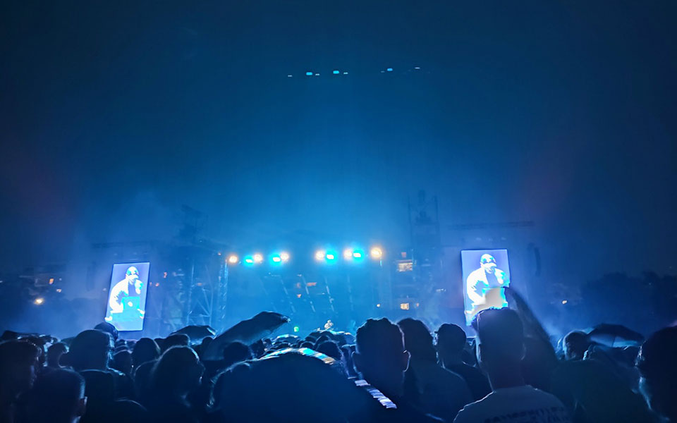 Και κάπου εκεί το ψιλόβροχο που έπεφτε από ώρα δυναμώνει, γίνεται ουράνιος καταρράχτης πάνω στο απροστάτευτο πλήθος. Ομως κανένας δεν νοιάζεται πραγματικά. Οι λιγοστές ομπρέλες έχουν πια κλείσει και τα βρεγμένα πρόσωπα καθρεφτίζουν όσα φτάνουν από τη σκηνή. «Vittorio», «Πολυκατοικίες», «Μπόμπαν», «Air-Max».
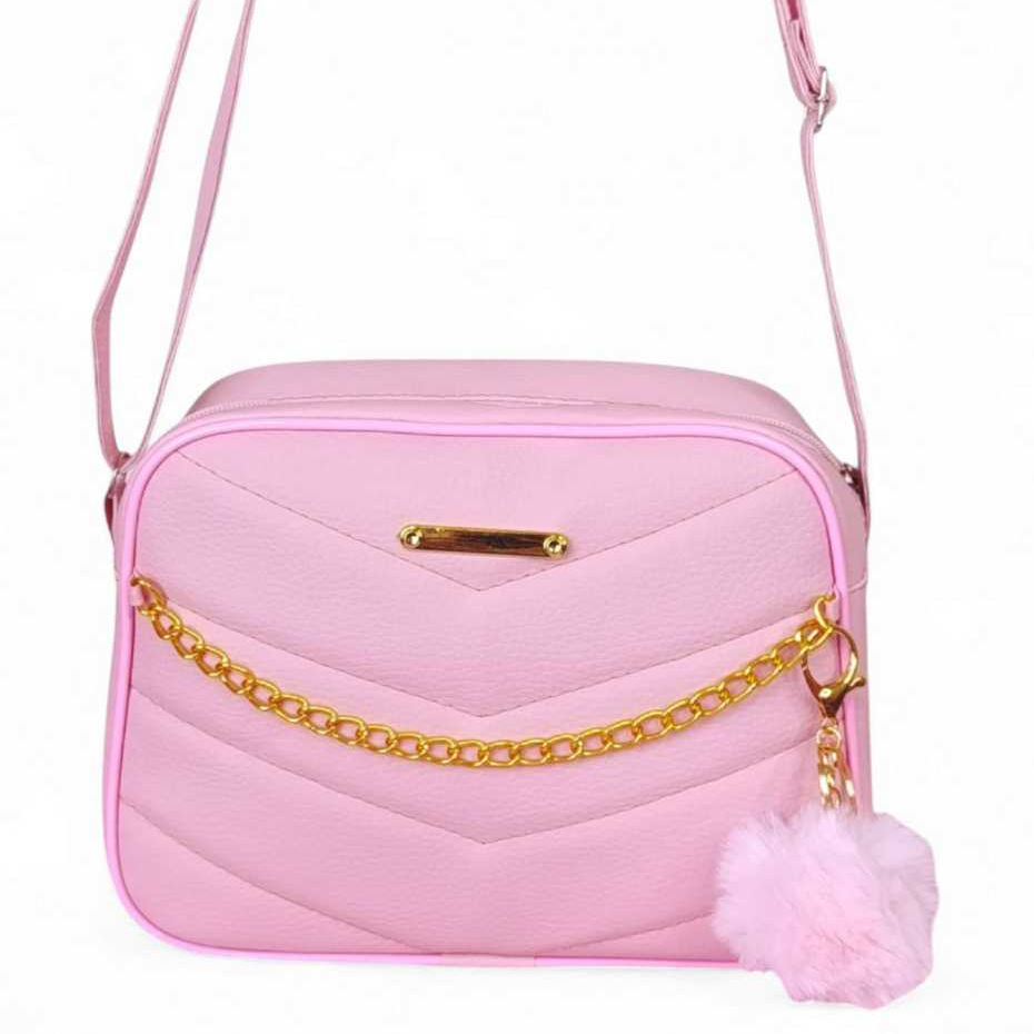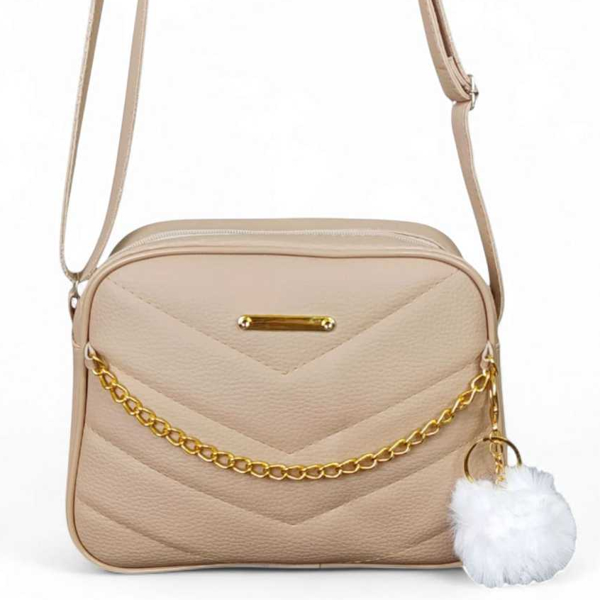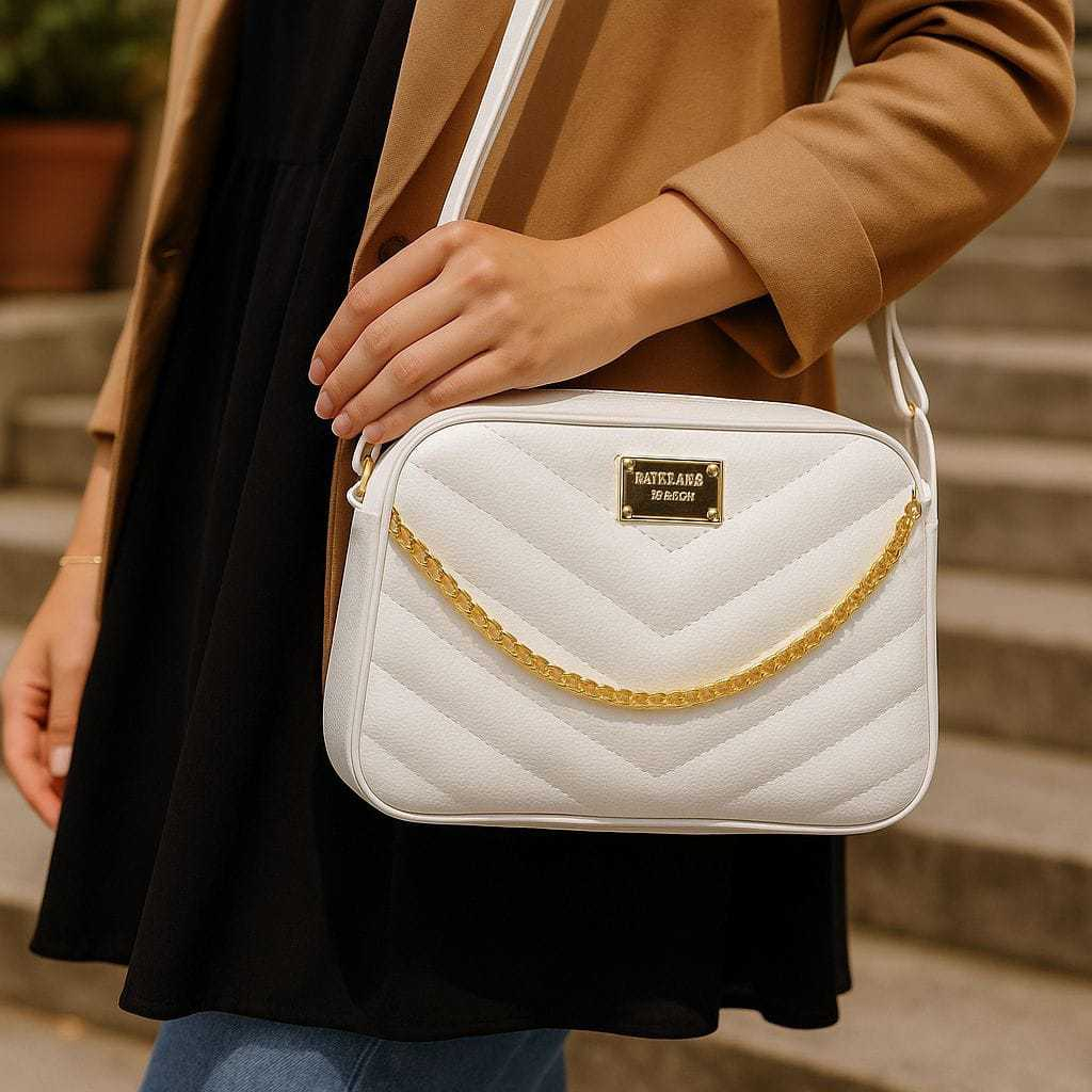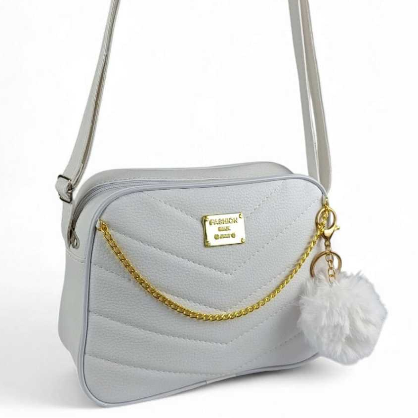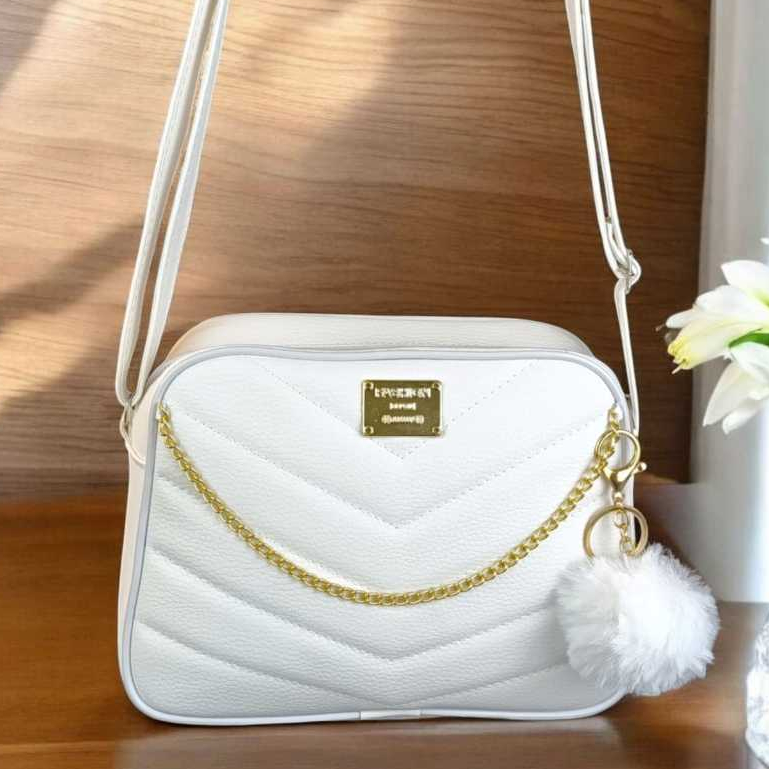 Bolsa Branca Com Corrente Elegante Transversal + Chaveiro Luxo
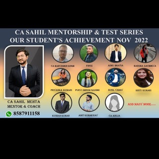 CA Sahil Mehta Mentorship & Test Series For registration- whatsapp( 8587911158 )
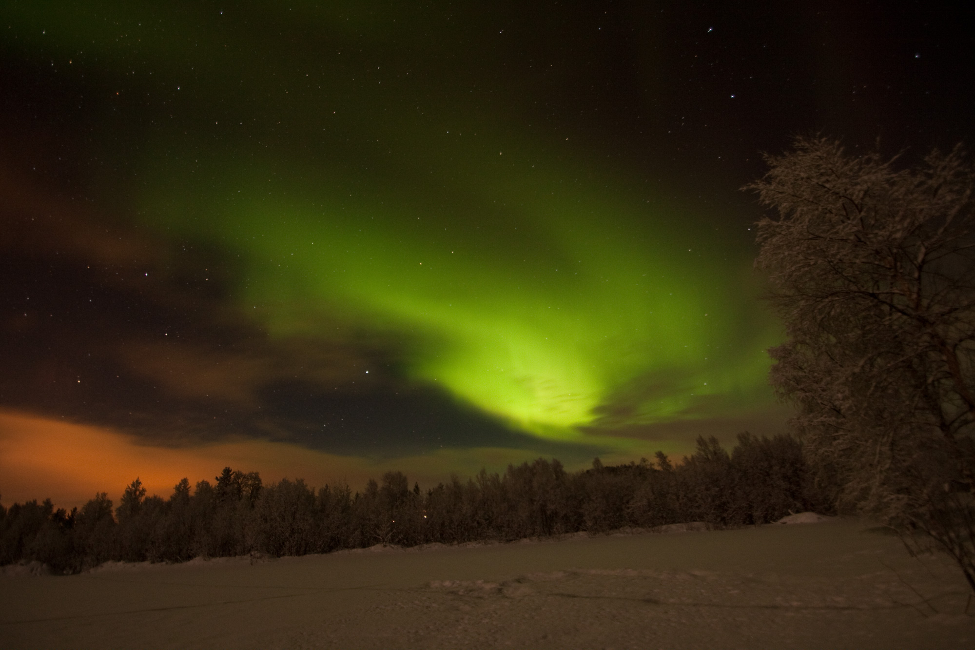 Een warm gevoel bij -22 graden C en van 21.30 tot 22.33 uur wachten aan de rand van een besneeuwde weide, een keer per kwartier een auto die voorbijkomt. Noorderlicht geeft een euforisch gevoel en op de foto is het die herinnering die telkens weer boven komt

WHAT YOU ARE ASKED TO DO ->
The answer is the full listing above, repeated exactly, with its pictures removed.

REPLY ->
 Και κάπου εκεί το ψιλόβροχο που έπεφτε από ώρα δυναμώνει, γίνεται ουράνιος καταρράχτης πάνω στο απροστάτευτο πλήθος. Ομως κανένας δεν νοιάζεται πραγματικά. Οι λιγοστές ομπρέλες έχουν πια κλείσει και τα βρεγμένα πρόσωπα καθρεφτίζουν όσα φτάνουν από τη σκηνή. «Vittorio», «Πολυκατοικίες», «Μπόμπαν», «Air-Max».
 Bolsa Branca Com Corrente Elegante Transversal + Chaveiro Luxo
 CA Sahil Mehta Mentorship & Test Series For registration- whatsapp( 8587911158 )
 Een warm gevoel bij -22 graden C en van 21.30 tot 22.33 uur wachten aan de rand van een besneeuwde weide, een keer per kwartier een auto die voorbijkomt. Noorderlicht geeft een euforisch gevoel en op de foto is het die herinnering die telkens weer boven komt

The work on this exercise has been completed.